* WHAT TO PRODUCE:
Can you transcribe the data exactly? Leave the pictures out.

* TASK INPUTS:
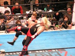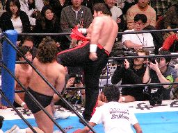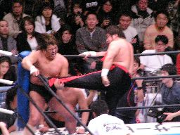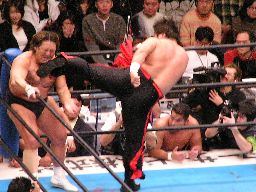WJの二番手は矢口。ZERO-ONE側は横井を押しのけて山笠Z"信介が。しかし矢口のニールキックを食らう(右写真)。
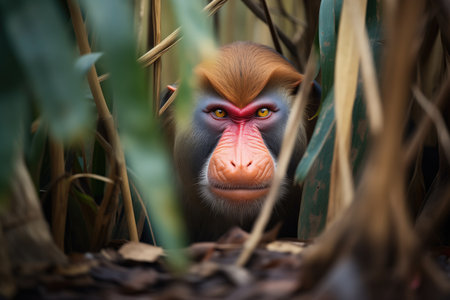 Portrait of mandrill isolated on natural defocused background. Amazing Wildlife. Generative Ai
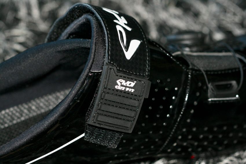 Une fois le tour du propriétaire effectué, il est temps d’enfiler ces TR1. Le revêtement intérieur se révèle assez doux et confortable. L’ajustement se fait en deux points. Tout d’abord un système de serrage par disque sur l’avant du pied. Pas de Boa ici, mais une solution concurrente, Atop. On serre dans en tournant vers l’avant, on débloque le système en tournant vers l’arrière. Le seul petit inconvénient est que si vous avez serré un petit peu trop, vous ne pouvez pas desserrer juste le nécessaire, il faut débloquer complètement puis resserrer. Pour le serrage principal, et afin de garantir en temps d’enfilage plus rapide, on retrouve un serrage par sangle muni d’un grand scratch. La chaussure peut donc être grande ouverte pour l’enfilage puis très rapidement refermée. Si vous avez le pied fin, il est possible de recouper l’extrémité de la sangle pour qu’elle ne vienne pas frotter contre vos manivelles.
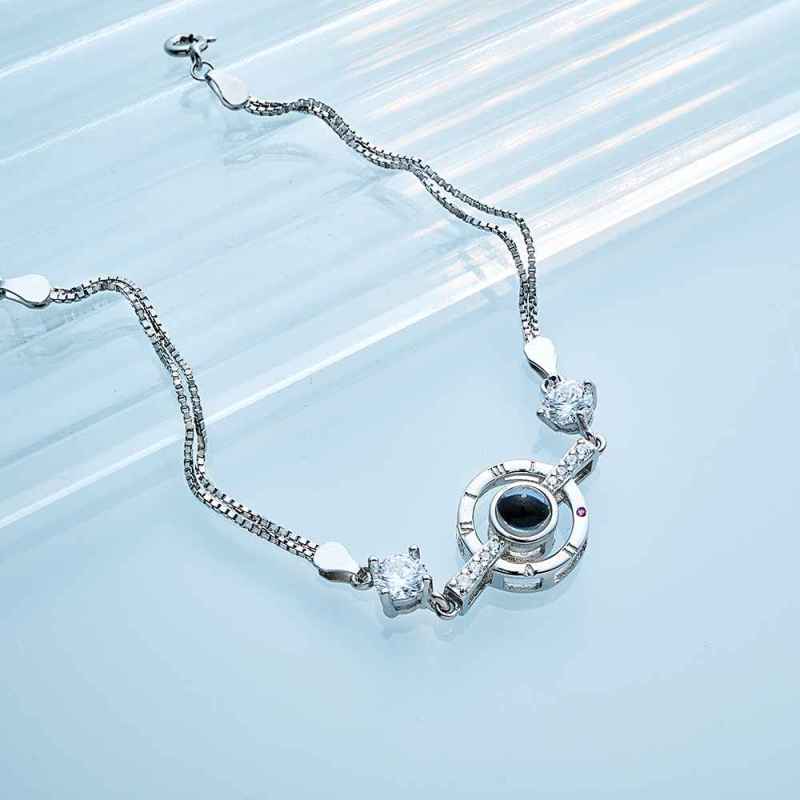 彼女のためのパーソナライズされた写真プロジェクションブレスレットローマ数字のエレガントなブレスレット
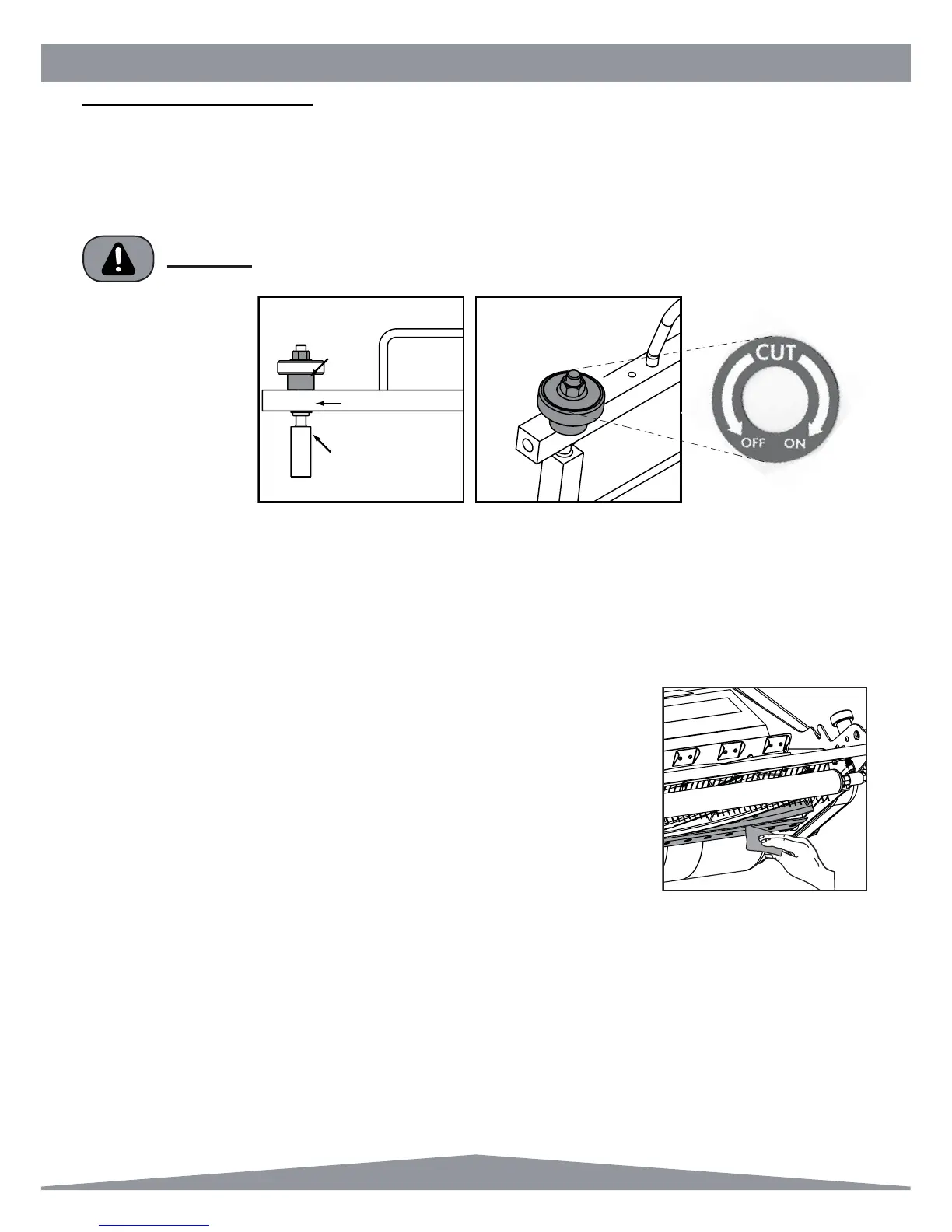 Rotate the knurled knobs to gain light contact between the shear blade and cylinder on
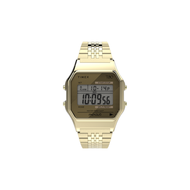 Elegancki zegarek damski Timex T80 TW2V21200. Model z mechanizmem kwarcowym. Koperta została wykonana z tworzywa sztucznego pokrytego powłoką w kolorze złotym. Bransoleta została wykonana ze stali szlachetnej pokrytej powłoką w kolorze złotym. Tarczę z wyświetlaczem chroni szkło hesalitowe. Szerokość koperty wynosi 34mm natomiast grubość 10mm. Klasa wodoszczelności tego modelu wynosi 3ATM.

* COMPLETED TASK:
WJの二番手は矢口。ZERO-ONE側は横井を押しのけて山笠Z"信介が。しかし矢口のニールキックを食らう(右写真)。
 Portrait of mandrill isolated on natural defocused background. Amazing Wildlife. Generative Ai
 Une fois le tour du propriétaire effectué, il est temps d’enfiler ces TR1. Le revêtement intérieur se révèle assez doux et confortable. L’ajustement se fait en deux points. Tout d’abord un système de serrage par disque sur l’avant du pied. Pas de Boa ici, mais une solution concurrente, Atop. On serre dans en tournant vers l’avant, on débloque le système en tournant vers l’arrière. Le seul petit inconvénient est que si vous avez serré un petit peu trop, vous ne pouvez pas desserrer juste le nécessaire, il faut débloquer complètement puis resserrer. Pour le serrage principal, et afin de garantir en temps d’enfilage plus rapide, on retrouve un serrage par sangle muni d’un grand scratch. La chaussure peut donc être grande ouverte pour l’enfilage puis très rapidement refermée. Si vous avez le pied fin, il est possible de recouper l’extrémité de la sangle pour qu’elle ne vienne pas frotter contre vos manivelles.
 彼女のためのパーソナライズされた写真プロジェクションブレスレットローマ数字のエレガントなブレスレット
 Rotate the knurled knobs to gain light contact between the shear blade and cylinder on
 Elegancki zegarek damski Timex T80 TW2V21200. Model z mechanizmem kwarcowym. Koperta została wykonana z tworzywa sztucznego pokrytego powłoką w kolorze złotym. Bransoleta została wykonana ze stali szlachetnej pokrytej powłoką w kolorze złotym. Tarczę z wyświetlaczem chroni szkło hesalitowe. Szerokość koperty wynosi 34mm natomiast grubość 10mm. Klasa wodoszczelności tego modelu wynosi 3ATM.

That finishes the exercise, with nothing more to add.